The RWE-owned power stations in the mountainous region of Snowdonia in northwest Wales harness water to generate renewable electricity.

Snowdonia is the wettest area in Wales, with average annual rainfall totals exceeding 3000mm—making the region comparable to the English Lake District or the western Highlands of Scotland.

The region is an ideal location for generating hydroelectric power, but not for having reliable connectivity.

Rather than send staff out to manually collect measurements, RWE wanted to find an IoT solution that would provide up-to-date information. To overcome the connectivity problem, RWE decided that it required satellite assistance.

A specialist provider, Ground Control, was brought in to design and deploy four solar-powered, IoT-enabled hydrological stations across RWE’s catchment areas that connect to Inmarsat’s ELERA network which boasts 99.9 percent availability.

Each station measures and records water levels, precipitation, air and water temperatures, and relative humidity. Data is gathered from the sensors at 15-minute intervals and transmitted using Hughes 9502 terminals every three hours via Inmarsat’s BGAN (Broadband Global Area Network) M2M service.

The valuable data is used to maximise electricity production, reduce waste, and minimise any damage to the environment and infrastructure from overspills.

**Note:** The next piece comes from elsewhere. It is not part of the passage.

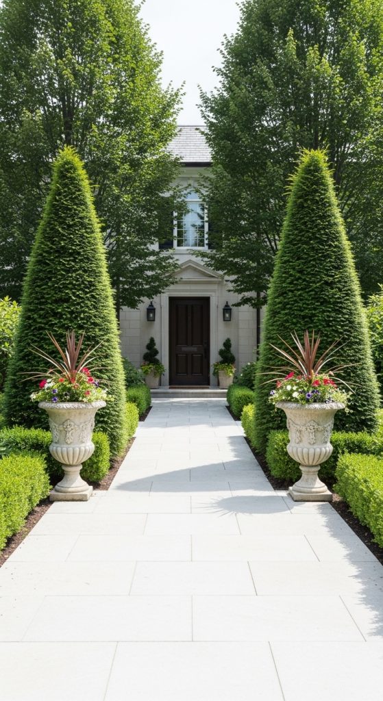 For a classic, polished look, symmetry is the secret weapon. Placing identical planters, shrubs, or small trees on each side of your walkway or front door creates instant elegance.

John McNab, Operations and Maintenance Engineer at RWE UK, explains: 

“The accurate, up-to-date information supplied by our BGAN-connected hydrology stations lets us know exactly what’s happening in our catchments, so we can take the right decisions at the right time to make as much renewable energy for our customers as possible.

Insight into weather conditions helps us plan to do our maintenance at the right time too. It also lets us know whether it’s safe for staff to venture out to do checks and site maintenance at a certain location. If the temperature is too low or the conditions too icy, we know to keep our people indoors until the weather improves.”  

As the world seeks to reduce its reliance on fossil fuels – due to concerns over climate change and soaring gas prices – the case study provides a great example of the pivotal role the IoT will play in helping to provide solutions to such crises.